The new anti-papalism

The conservative opposition to Pope Francis is boldly going to a place it once considered heretical.

Ecclesiastics gathered at the First Vatican Council. Image courtesy of Creative Commons

(RNS) — The conservative opposition to Pope Francis is boldly going to a place it once considered heretical.

The latest example is “The Case Against Pope Francis,” a National Review hit piece by Michael Brendan Dougherty that went online this past week. As a bill of particulars it doesn’t amount to much, but that’s beside the point. What’s significant is its readiness to ignore the very concept of papal authority.

Of course, there’s the dismissive rhetoric. Francis is presenting the vision of a God “who is not merciful but indulgent, even lazy, and indifferent.” He is instituting a religion of “good enough.”


But what really troubles Dougherty are Francis’ changes in church teaching — his opening the door to communion for the divorced and remarried and his declaration that the death penalty is now inadmissible. Harking back to the event most of us associate with the Church’s exaltation of the papacy, he suggests the opposite: “The first Vatican Council rejected those who claimed the pope can deliver new doctrines, saying that his responsibility was to protect and safeguard the existing truths of the Catholic faith.”

Let’s stop right there.

Pastor Aeternus, the dogmatic constitution establishing papal infallibility issued by the First Vatican Council in 1870, has this to say about new doctrine:

And the Roman Pontiffs, according to the exigencies of times and circumstances, sometimes assembling Ecumenical Councils, or asking for the mind of the Church scattered throughout the world, sometimes by particular Synods, sometimes using other helps which Divine Providence supplied, defined as to be held those things which, with the help of God, they had recognized as conformable with the Sacred Scriptures and Apostolic Traditions. For the Holy Spirit was not promised to the successors of Peter that by his revelation they might make known new doctrine, but that by His assistance they might inviolably keep and faithfully expound the Revelation, the Deposit of Faith, delivered through the Apostles.

In other words, Vatican I’s supposed rejection of the claim that popes can deliver new doctrines is nothing more than an assertion that whatever has been promulgated by popes (with the help of councils, etc.) is in line (“conformable”) with the Church’s earliest teachings. Post-apostolic innovations (e.g., clerical celibacy or prohibition of slavery or embrace of religious pluralism) are by definition not new doctrines but rather ways the Holy Spirit enables popes to expound the apostolic faith.

A painting of the First Vatican Council, circa 1870. Image courtesy of Creative Commons

What Francis’ conservative opponents do is claim that such changes in teaching as he has made are inconsistent with apostolic faith and therefore illegitimate.
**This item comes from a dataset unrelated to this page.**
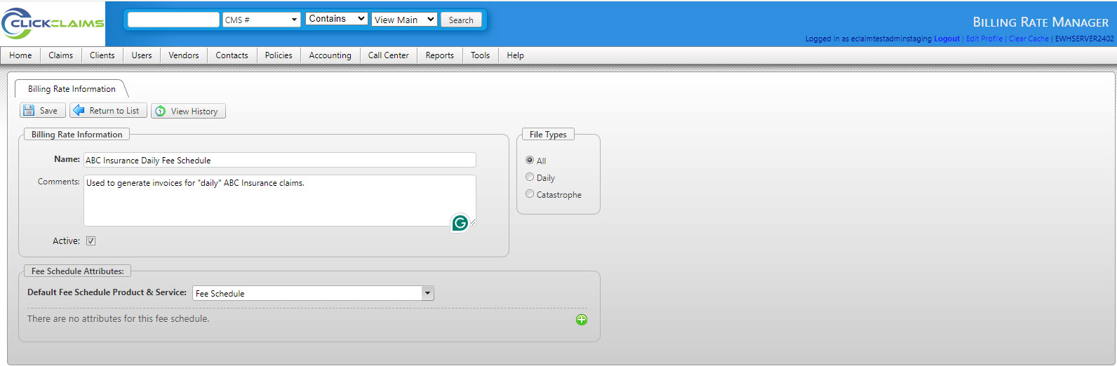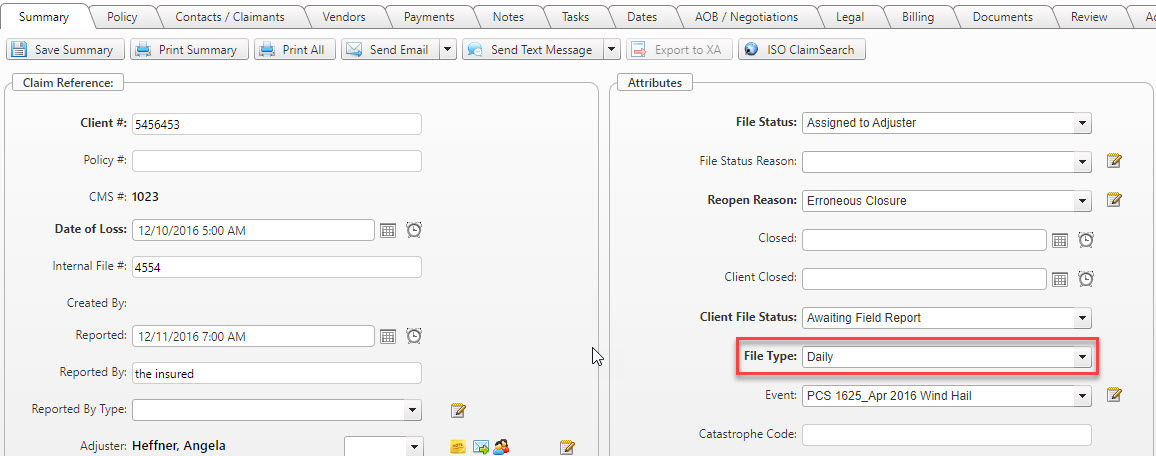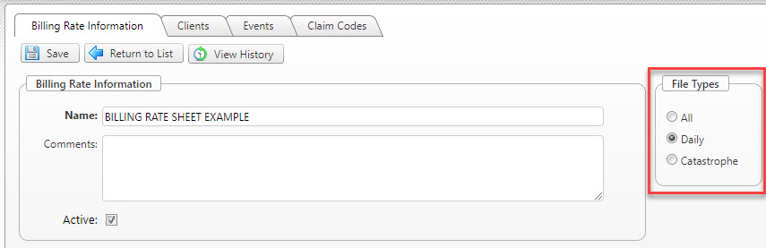 - For example, if "Daily" is selected, this BRS will only be available for selection when creating an invoice from the claim's "Billing" tab when "Daily" is selected in the claim's "File Type" field.

While Protestantism is all about this move, it is hardly the Catholic way, particularly as articulated not so very long ago by themselves.

Take a look at catholicculture.org, a premier site of the Francis opposition. It includes among its resources an exposition of “Vatican I and The Papal Primacy” written back when John Paul II was pope. Here are a few paragraphs.

We are, instead, speaking of supreme power and authority, of God’s will for us in regard to his governance of the Church through the Papacy; and his will is simply that in all things concerning this government and discipline, we are to correspond our will to his — in other words, we are to obey the Pope….

The third point made by this passage is that this power and authority of the Pope are “to this day, always,” thus eliminating any possible contention that this living, presiding and judging by Peter could conceivably fail in any given Pope….

It has always been the policy of schismatics to appeal to some other Pope or Council, past or future, against the decisions of a reigning pontiff. It has also been the constant tradition of popes to condemn such a position….

Every Catholic must submit to the Pope in his government and discipline of the Church. This is a dogma of the Catholic Church, the denial of which is a heresy and entails loss of salvation.

You get the picture. Obedience to the pope is a big deal. You don’t get to use some earlier pope or council to criticize a current pope. Submission to him is a dogma. You deny it at your eternal peril.


Since the Second Vatican Council, conservative schismatics have refused obedience to Rome because they believe that the post-Vatican II popes are illegitimate. They are called sedevacantists, a Latinate term meaning that they they believe the See of Peter is empty and thus that they are entitled to ignore what the Vatican says.

Francis’ opponents do not believe the seat is empty. They are only acting as if it is.